### ACTIVITY
Scan the material for the string "from" and copy out every line in which it occurs.

### DATA TO PROCESS
· · ·

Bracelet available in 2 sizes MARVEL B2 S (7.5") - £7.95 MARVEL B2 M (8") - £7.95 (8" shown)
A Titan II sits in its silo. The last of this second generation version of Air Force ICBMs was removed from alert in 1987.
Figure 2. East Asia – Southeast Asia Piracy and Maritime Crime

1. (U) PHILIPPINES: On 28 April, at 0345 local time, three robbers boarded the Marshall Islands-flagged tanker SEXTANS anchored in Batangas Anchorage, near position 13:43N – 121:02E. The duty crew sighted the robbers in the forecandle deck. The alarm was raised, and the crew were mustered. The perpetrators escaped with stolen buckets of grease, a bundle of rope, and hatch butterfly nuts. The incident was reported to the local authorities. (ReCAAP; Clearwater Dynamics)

· · ·

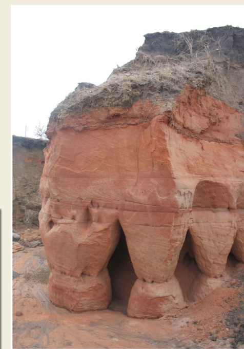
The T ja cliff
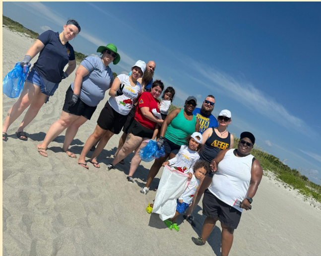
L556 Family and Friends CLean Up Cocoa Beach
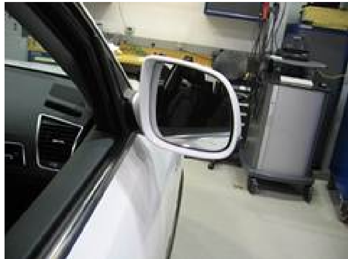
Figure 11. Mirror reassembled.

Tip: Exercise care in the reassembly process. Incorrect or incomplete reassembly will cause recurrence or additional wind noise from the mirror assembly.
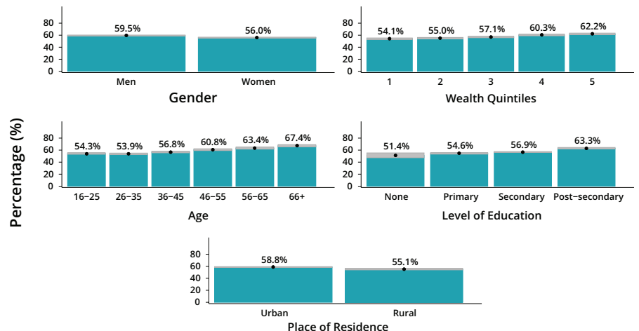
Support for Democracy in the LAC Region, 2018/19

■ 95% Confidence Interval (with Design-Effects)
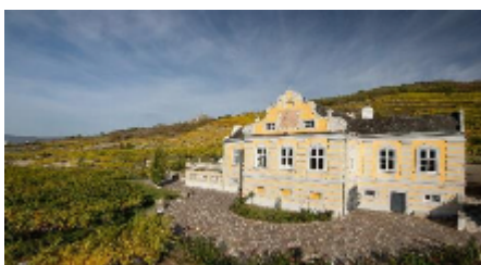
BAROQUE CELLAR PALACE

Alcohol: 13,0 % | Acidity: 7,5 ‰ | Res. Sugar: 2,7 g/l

· · ·

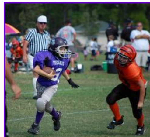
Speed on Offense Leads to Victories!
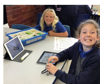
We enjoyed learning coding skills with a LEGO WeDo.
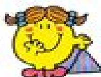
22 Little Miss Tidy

· · ·

### EXERCISE ANSWER
A Titan II sits in its silo. The last of this second generation version of Air Force ICBMs was removed from alert in 1987.
Tip: Exercise care in the reassembly process. Incorrect or incomplete reassembly will cause recurrence or additional wind noise from the mirror assembly.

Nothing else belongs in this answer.